'''

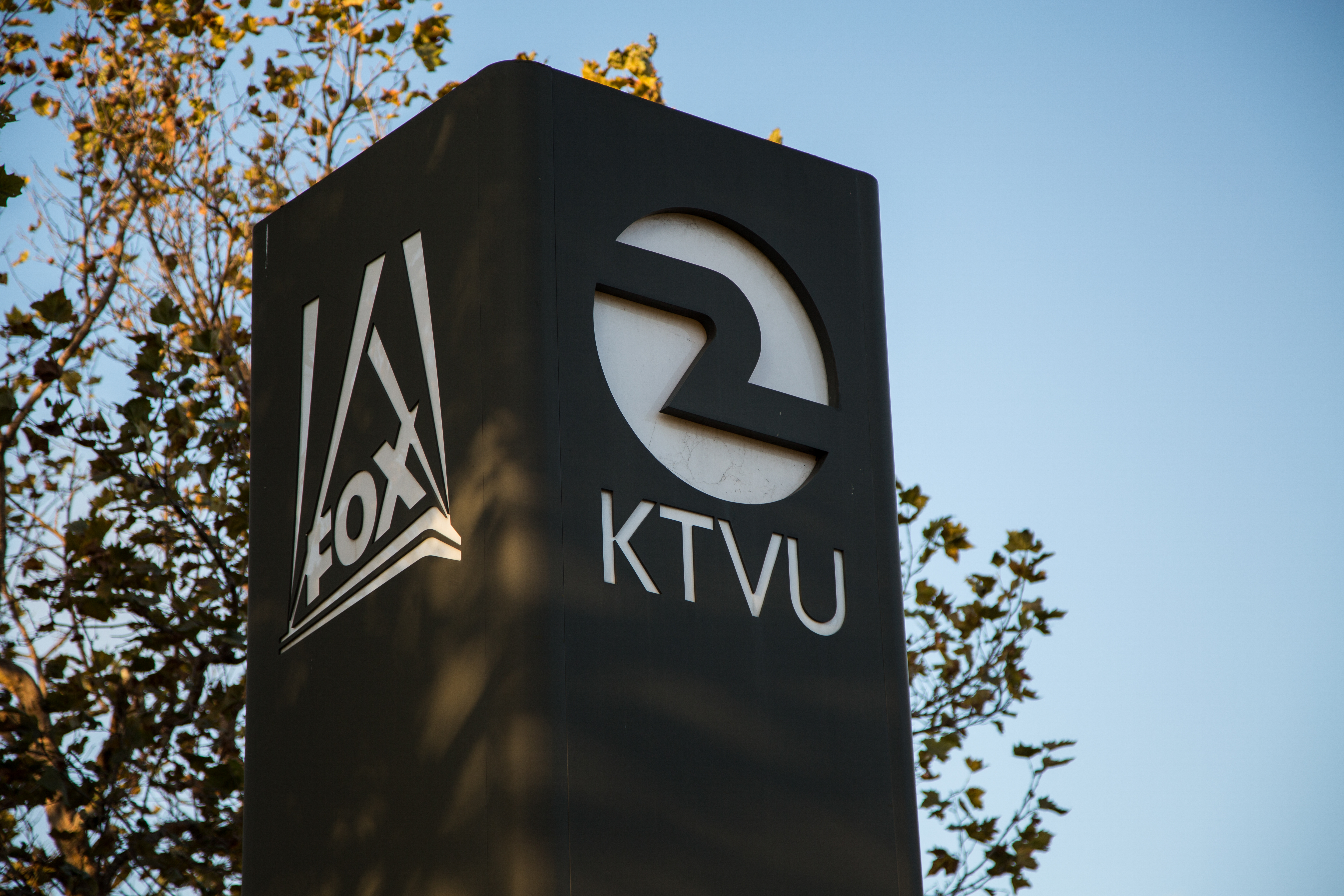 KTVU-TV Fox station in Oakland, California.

'''
'''

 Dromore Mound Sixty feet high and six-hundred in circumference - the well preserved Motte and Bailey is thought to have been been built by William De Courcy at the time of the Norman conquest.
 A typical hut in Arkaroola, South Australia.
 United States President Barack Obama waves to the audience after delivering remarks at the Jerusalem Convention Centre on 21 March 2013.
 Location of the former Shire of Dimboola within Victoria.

'''
'''

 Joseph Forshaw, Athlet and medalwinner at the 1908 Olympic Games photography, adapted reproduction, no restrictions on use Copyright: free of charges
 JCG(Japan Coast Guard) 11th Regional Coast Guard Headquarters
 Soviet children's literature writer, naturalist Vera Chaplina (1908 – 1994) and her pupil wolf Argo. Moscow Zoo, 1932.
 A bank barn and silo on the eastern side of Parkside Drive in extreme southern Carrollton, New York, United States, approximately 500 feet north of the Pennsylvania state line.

'''

Required action: In the listing above, find the line containing "Joseph Forshaw, Athlet" and the line containing "A bank barn", then retype both and every line between them exactly, with nothing else.

Written solution:
 Joseph Forshaw, Athlet and medalwinner at the 1908 Olympic Games photography, adapted reproduction, no restrictions on use Copyright: free of charges
 JCG(Japan Coast Guard) 11th Regional Coast Guard Headquarters
 Soviet children's literature writer, naturalist Vera Chaplina (1908 – 1994) and her pupil wolf Argo. Moscow Zoo, 1932.
 A bank barn and silo on the eastern side of Parkside Drive in extreme southern Carrollton, New York, United States, approximately 500 feet north of the Pennsylvania state line.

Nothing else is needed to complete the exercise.